Dalam satu sentakan, selendang awan mencekikku yang bergelantungan dengan kaki
mengejang hebat.
Perlahan napasku habis, nyawaku ingin melepaskan diri. Mulai dari ujung
kaki, kurasakan nyawaku menghilang dan merambat naik ke atas. Pada detik-detik
terakhir, kulihat Ibu tersenyum padaku. Warna bajunya sama dengan warna selendang awan.
“Tugas Ibu selesai untuk menjagamu, Nak.”
Aku tak mengerti
arti ucapannya. Mungkinkah dia adalah selendang
awanku? Aku ingat kata-kata Ayah saat memberikan selendang itu. Selendang awan
akan melindungiku, seperti Ibu yang melindungiku dalam kandungnnya sebelum dia
meninggal karena melahirkanku.
“Sekarang, giliranmu menjaga anakmu.”
Nyawaku tersedot menuju selendang yang membelitku. Warnanya mulai
berubah, dari biru muda menjadi warna merah darah.
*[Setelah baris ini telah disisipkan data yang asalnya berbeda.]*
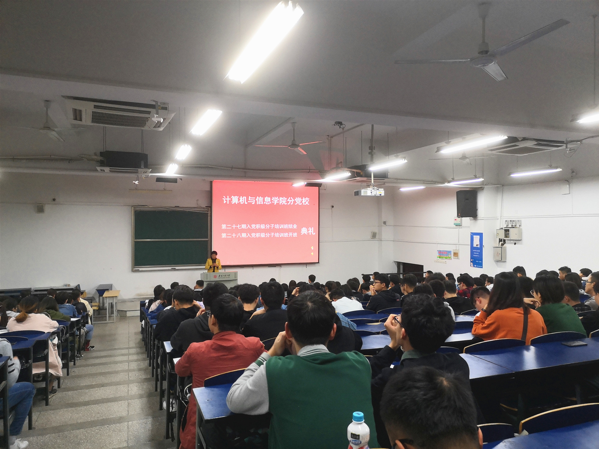 第二十八期入党积极分子培训班汪典典同学在发言中代表新学员承诺会珍惜学习机会,遵守管理规定,争取学有所获。章靖平要求各位学员坚定理想信念,认真学习,提高政治素质,希望并欢迎他们尽早加入党组织。孙力力向新学员们宣读了培训班的要求和考核办法,对后期的学习进行了详细的安排,并表示希望学员们珍惜这次学习的机会,认真完成培训任务,争取最大收获。

Kini tubuhku terbujur lemah
tergantung di dahan pohon kelengkeng dengan mata
terbelalak dan lidah terjulur. Namun, aku masih hidup; hidup dalam selendang
merah untuk menjaga anakku. Sekarang aku paham, kenapa seorang gadis tak bisa menjadi pawang
hujan. Dengan sebuah selendang awan saja aku bisa memorak-perandakan desa karena amarahku, lalu bagaimana jika aku bisa berbicara dan mengendalikan awan? Semoga kelak, anak
perempuanku akan lebih bijak dalam hidupnya.
Kudekap tubuh mungilnya agar hangat. Tak berapa lama, orang-orang dari desa sebelah
berdatangan dan menemukan seorang bayi berselimut selendang awan merah.